Ce qui importe le plus, en ce qui concerne la différence
entre les deux formes de souvenir, c’est le type de rapport
qui est établi. Dans le mode avoir du souvenir, le rapport
est totalement mécanique, comme lorsque la relation entre
un mot et celui qui le suit est solidement établie par la
fréquence de sa répétition. Ou bien les rapports
peuvent être purement logiques, comme ceux qui existent entre
deux termes opposés, ou entre des concepts convergents, ou
en rapport avec le temps, l’espace, la taille, la couleur,
ou encore au sein d’un système donné de pensée.
Dans le mode être, se souvenir, c’est se rappeler activement
des mots, des idées, des choses vues, des peintures, de la
musique ; c’est mettre en rapport l’élément
particulier dont on doit se souvenir et tous ceux qui lui sont reliés.
Les rapports, dans ce cas, ne sont pas mécaniques, ni purement
logiques, mais vivants. Un concept est relié à un
autre par un acte de pensée productif (de pensée ou
de sentiment) qui est mis en œuvre quand on cherche le mot
exact.
Voici un exemple très simple : Si j’associe le mot
" douleur " ou " aspirine " au mot "migraine"
, j’ai affaire à une association logique, conventionnelle.
Mais si j’associe le mot " stress " ou le mot "
colère " à" migraine p, je mets en rapport
l’élément initial avec ses conséquences
possibles, intuition à laquelle je suis arrivé en
étudiant le phénomène. Ce dernier type de souvenir
constitue en lui-même un acte de pensée productive.
Le type le plus frappant de ce genre de souvenir vivant est présenté
par les " associations libres " inventées par Freud.

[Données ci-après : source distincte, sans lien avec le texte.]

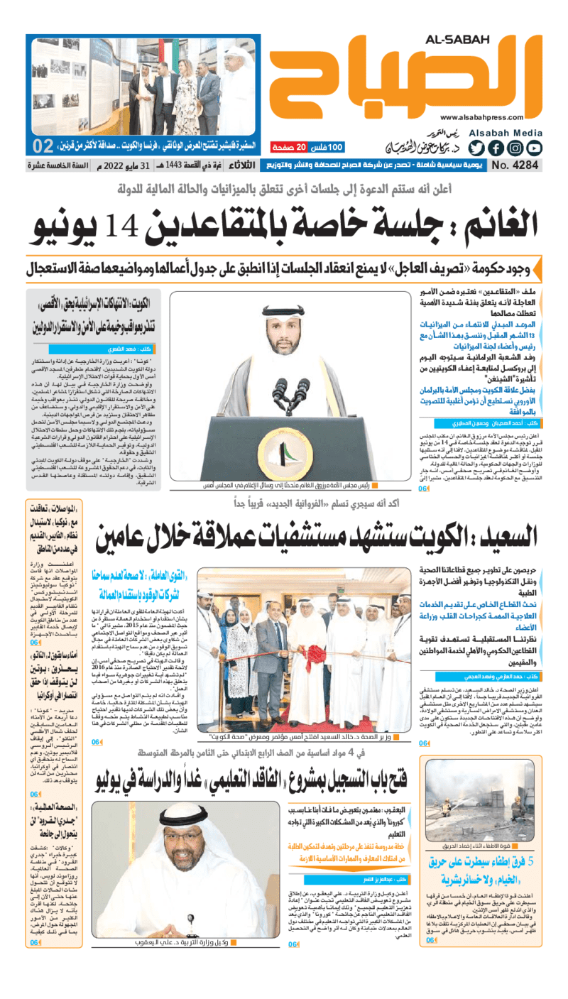 آخر الأخبار جرائم وقضايا “الجمارك” تضبط 29 ألف علبة مشروبات كحولية قادمة من دولة آسيوية في ميناء الشويخ 9 يونيو، 2024 محليات ممثلة عن دولة الكويت الطبيبة الكويتية أسماء الكندري تشارك في المؤتمر العالمي للمناظير في إيطاليا 8 يونيو، 2024 محليات “الصحة”: اكتمال وصول فريق الخدمات الطبية ببعثة الحج الكويتية لمكة المكرمة 8 يونيو، 2024 محليات “الصحة” تحدد 8 مراكز للصحة المدرسية لاستقبال الطلبة المبتعثين 8 يونيو، 2024 عربي وعالمي “الصحة العالمية”: تسجيل أول وفاة لشخص مصاب بـ«أنفلونزا الطيور» 7 يونيو، 2024 محليات عناوين الصحف الكويتية ليوم الثلاثاء 31 مايو 2022 محرر المحليات31 مايو، 2022أضف تعليق1 دقائق جريدة الجريدة جريدة الأنباء جريدة القبس جريدة السياسة جريدة الوطن جريدة الصباح جريدة عرب تايمز الوسومTop عناوين الصحف المحلية من الممكن أن يعجبك جرائم وقضايا “الجمارك” تضبط 29 ألف علبة مشروبات كحولية قادمة من دولة آسيوية في ميناء الشويخ محليات ممثلة عن دولة الكويت الطبيبة الكويتية أسماء الكندري تشارك في المؤتمر العالمي للمناظير في إيطاليا محليات “الصحة”: اكتمال وصول فريق الخدمات الطبية ببعثة الحج الكويتية لمكة المكرمة محليات “الصحة” تحدد 8 مراكز للصحة المدرسية لاستقبال الطلبة المبتعثين عربي وعالمي “الصحة العالمية”: تسجيل أول وفاة لشخص مصاب بـ«أنفلونزا الطيور» تكنولوجيا رش السحب بملح البحر.. تجربة “ثورية” لتبريد كوكب الأرض أضف تعليق أضغط هنا لإضافة تعليق إلغاء الردالتعليقالاسم البريد الإلكتروني الموقع الإلكتروني Δ هذا الموقع يستخدم خدمة أكيسميت للتقليل من البريد المزعجة. اعرف المزيد عن كيفية التعامل مع بيانات التعليقات الخاصة بك processed.

Les personnes qui n’ont pas particulièrement tendance
à stocker les éléments d’information,
constateront que leurs souvenirs, pour pouvoir bien fonctionner,
ont besoin d’un intérêt puissant et direct. On
a connu, par exemple, des individus qui, poussés par un besoin
vital, se rappelaient les mots d’une langue qu’ils avaient
oubliée depuis longtemps. En ce qui concerne ma propre expérience,
alors que je ne suis pas doué d’une mémoire
particulièrement bonne, il m’est arrivé de me
souvenir du rêve d’une personne que j’avais analysée
deux semaines ou cinq ans plus tôt lorsque je me suis retrouvé
face à cette personne et que je me suis concentré
sur l’ensemble de sa personnalité. Et pourtant, cinq
minutes plus tôt, à froid, j’aurais été
absolument incapable de me souvenir de ce rêve.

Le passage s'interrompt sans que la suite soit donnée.